_Exercise aim_
Using the data below, restate exactly every line from the one with "US Breaker HG" up to and including the one with "Figure 1: Curves". No picture belongs in it.

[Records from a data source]
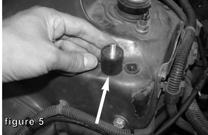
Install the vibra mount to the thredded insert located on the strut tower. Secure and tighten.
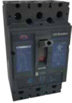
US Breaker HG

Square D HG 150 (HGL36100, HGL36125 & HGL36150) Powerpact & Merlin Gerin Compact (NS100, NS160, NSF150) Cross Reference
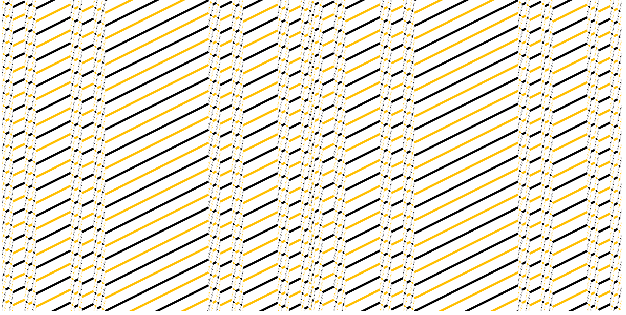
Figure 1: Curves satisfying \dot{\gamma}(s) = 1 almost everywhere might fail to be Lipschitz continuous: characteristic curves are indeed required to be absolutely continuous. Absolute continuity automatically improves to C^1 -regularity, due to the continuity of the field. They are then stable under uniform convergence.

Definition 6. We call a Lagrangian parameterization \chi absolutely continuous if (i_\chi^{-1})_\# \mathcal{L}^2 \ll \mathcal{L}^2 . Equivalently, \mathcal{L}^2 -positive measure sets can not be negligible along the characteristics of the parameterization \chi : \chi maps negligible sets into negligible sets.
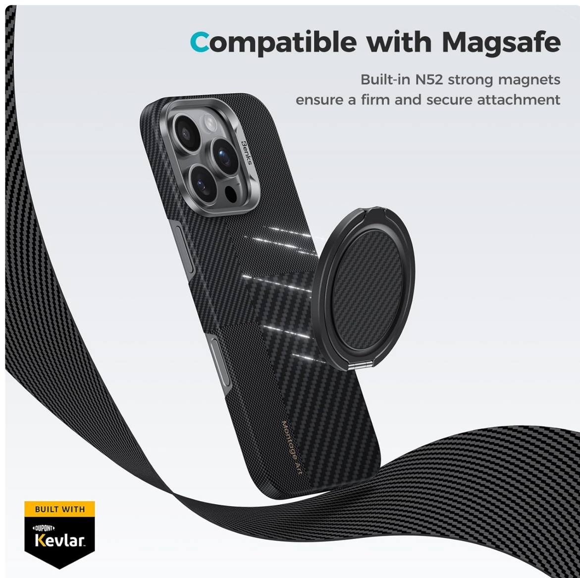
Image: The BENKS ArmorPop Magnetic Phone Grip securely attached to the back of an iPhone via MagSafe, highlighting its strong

_Solution_
US Breaker HG

Square D HG 150 (HGL36100, HGL36125 & HGL36150) Powerpact & Merlin Gerin Compact (NS100, NS160, NSF150) Cross Reference
Figure 1: Curves satisfying \dot{\gamma}(s) = 1 almost everywhere might fail to be Lipschitz continuous: characteristic curves are indeed required to be absolutely continuous. Absolute continuity automatically improves to C^1 -regularity, due to the continuity of the field. They are then stable under uniform convergence.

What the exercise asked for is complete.